### DATA RECORDS
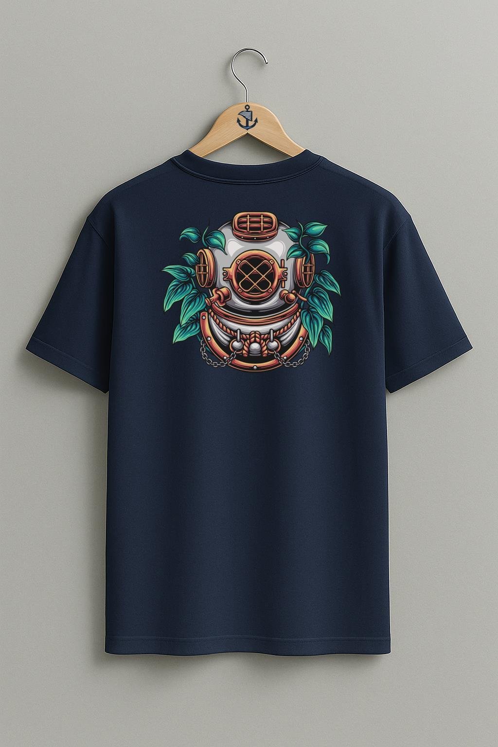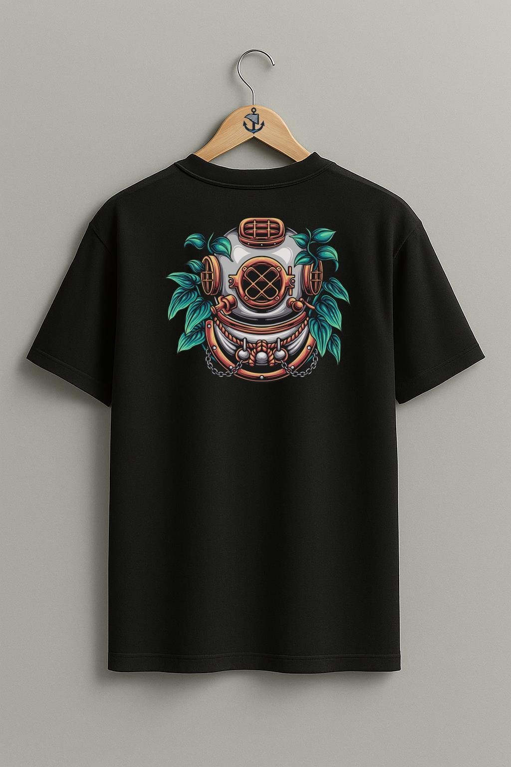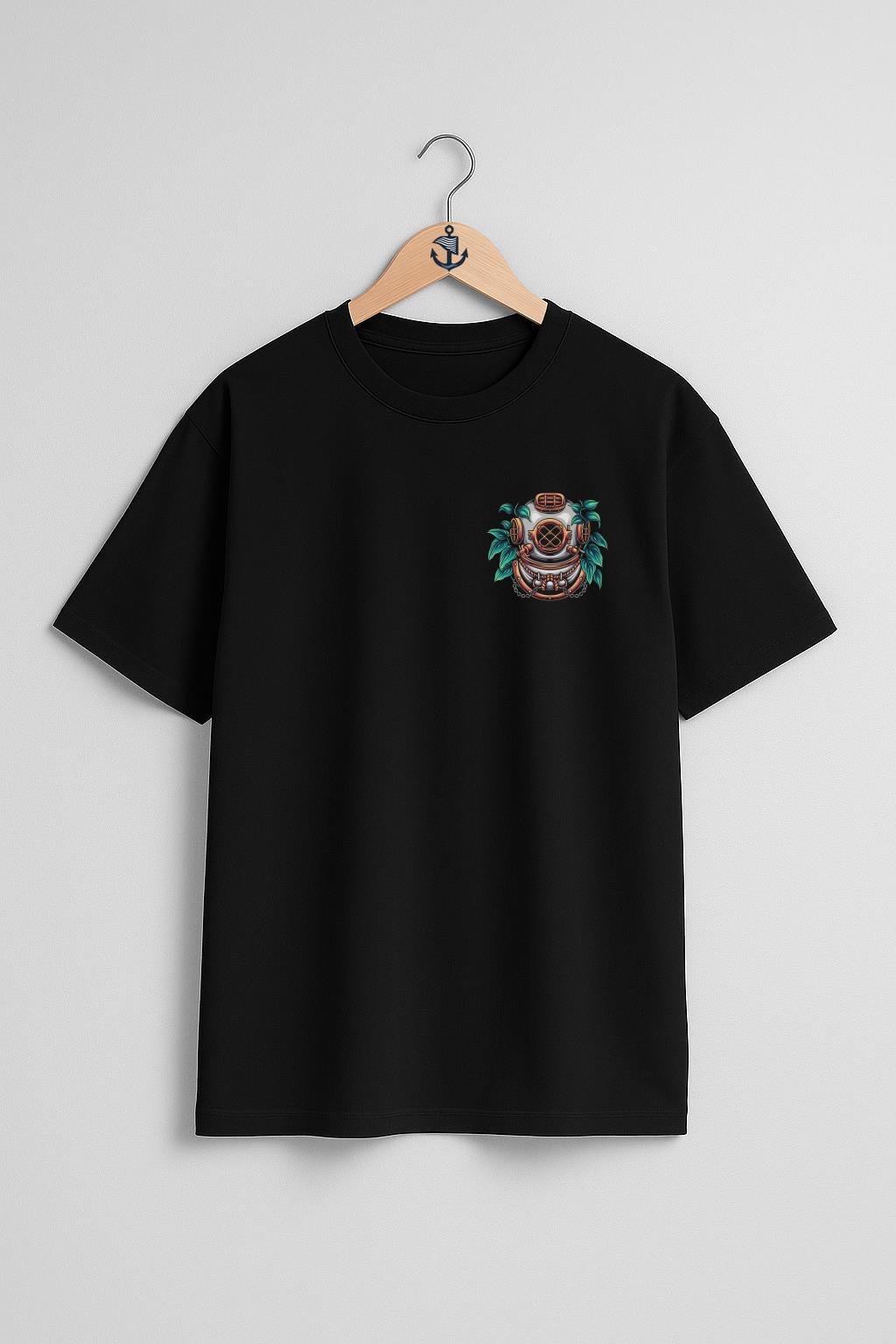 Oversize Dalgıç Diving Helmet With Plant İllustration Cep ve Sırt Tasarımlı Unisex T-Shirt
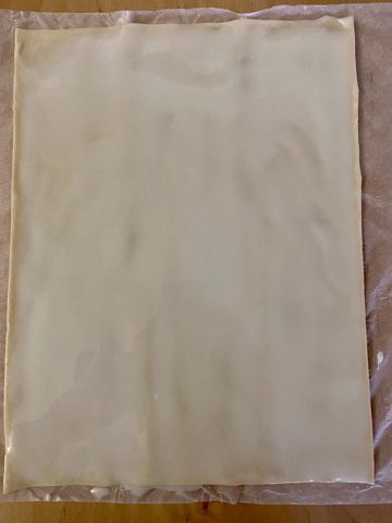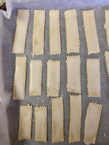 Passata un’ora, togliere la pasta sfoglia dal frigorifero e tagliarla con una rotella per pasta oppure con un coltello, per ottenere delle strisce della grandezza preferita.
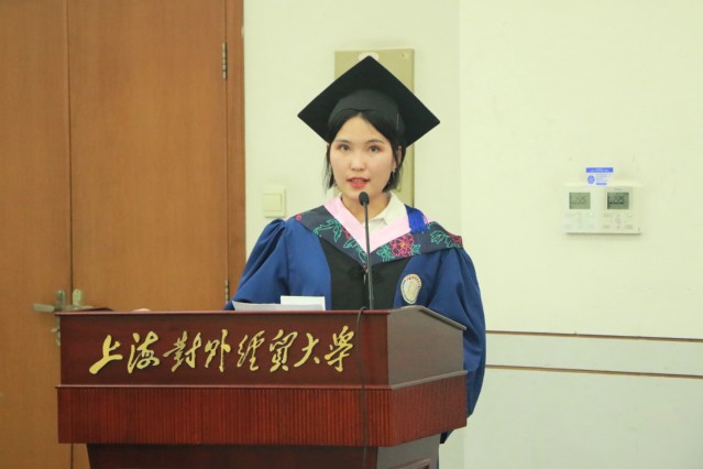 马克思主义学院2021届上海市优秀毕业生获得者赵晓慧作为毕业生代表发言,她分享了两年半研究生生涯的求学感悟,她在发言中饱含对母校、老师的感恩之情,立志践行校训精神,为祖国的发展贡献力量。
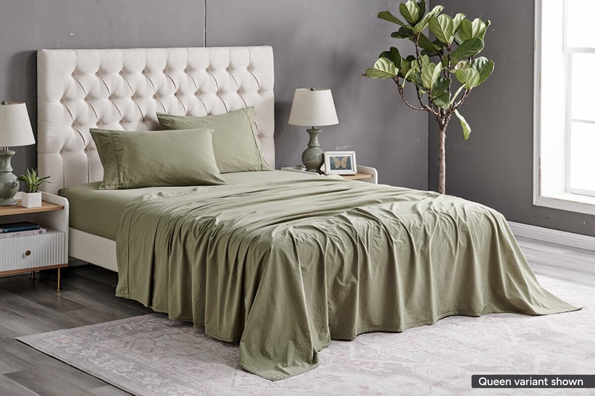 The Brosa Sydney Stonewash Cotton Bed Sheet Set is a luxurious addition to any bedroom. Made with high-quality stonewashed cotton, these sheets are soft to touch with great breathability for a good night’s sleep.
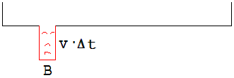 Die kinetische Energie des Wassers infolge der Sinkgeschwindigkeit ist vernachlässigbar klein. Aus dem Wasservolumen V und dem Querschnitt A der Badewanne kann der Wasserstand x errechnet werden. Nach einem kleinen Zeitabschnitt Δt = h hat das Volumen der Wassers um v · Δt ·B abgenommen (siehe Abb. 2).
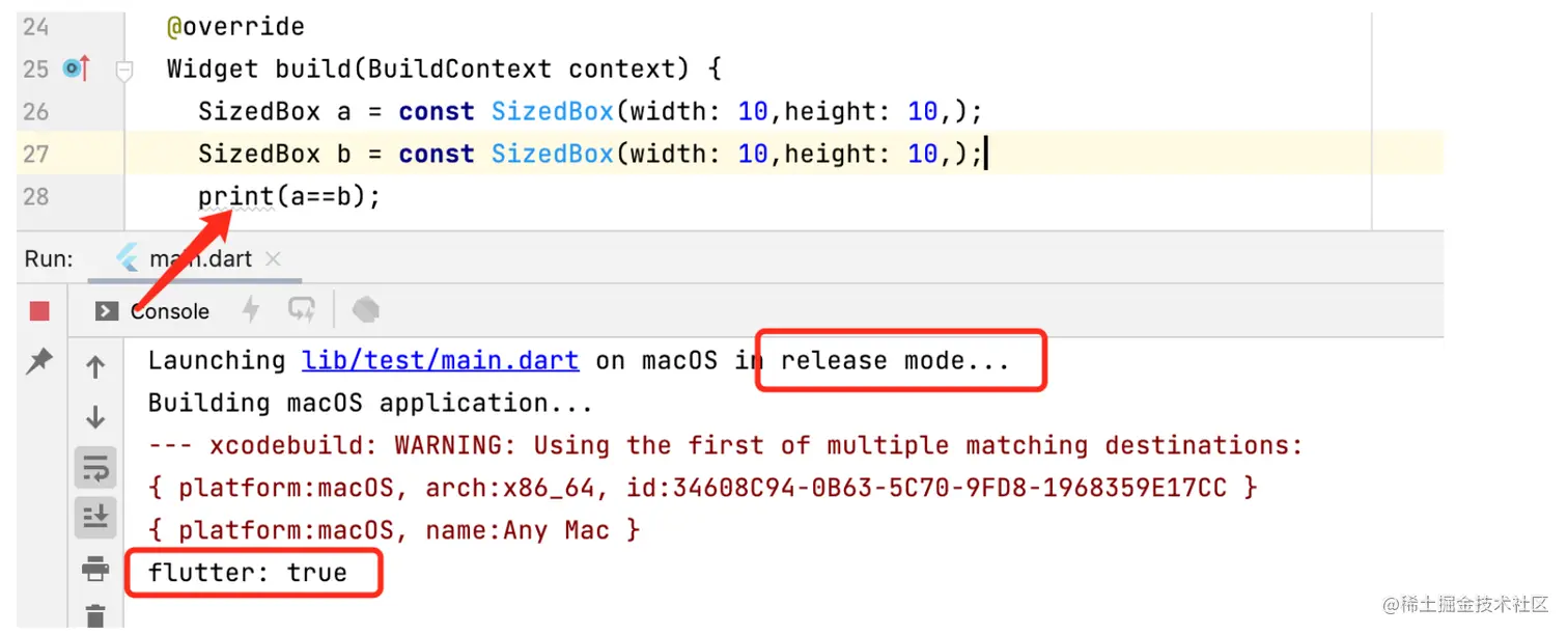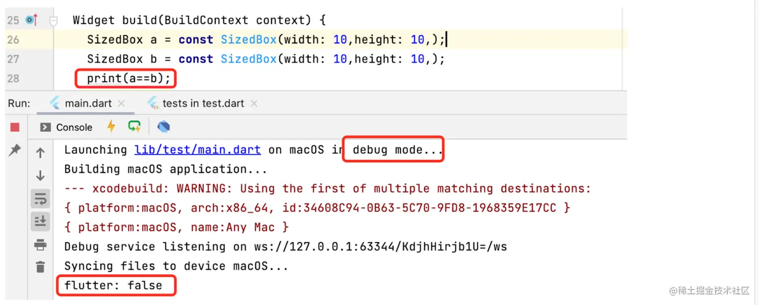 因为 debug 模式 下的 Dart 常量去重策略导致的。在官网有相关介绍文章 《调试 Flutter 应用》。其实很容易理解,在 debug 时,需要追踪 Widget 的创建时机,而 const 对象在编译期间就已经初始化了。这是 debug 模式 下的 常量去重策略的必要性。当然你可以通过如下方式来关闭这个 去重策略 ,但一般来说这并没有什么必要。
######
__TASK STATEMENT__:
Using the data above, print only the lines starting at the one with "马克思主义学院2021届上海" and ending at the one with "The Brosa Sydney", exactly as they stand, minus the pictures.

__SOLUTION TO THIS TASK__:
 马克思主义学院2021届上海市优秀毕业生获得者赵晓慧作为毕业生代表发言,她分享了两年半研究生生涯的求学感悟,她在发言中饱含对母校、老师的感恩之情,立志践行校训精神,为祖国的发展贡献力量。
 The Brosa Sydney Stonewash Cotton Bed Sheet Set is a luxurious addition to any bedroom. Made with high-quality stonewashed cotton, these sheets are soft to touch with great breathability for a good night’s sleep.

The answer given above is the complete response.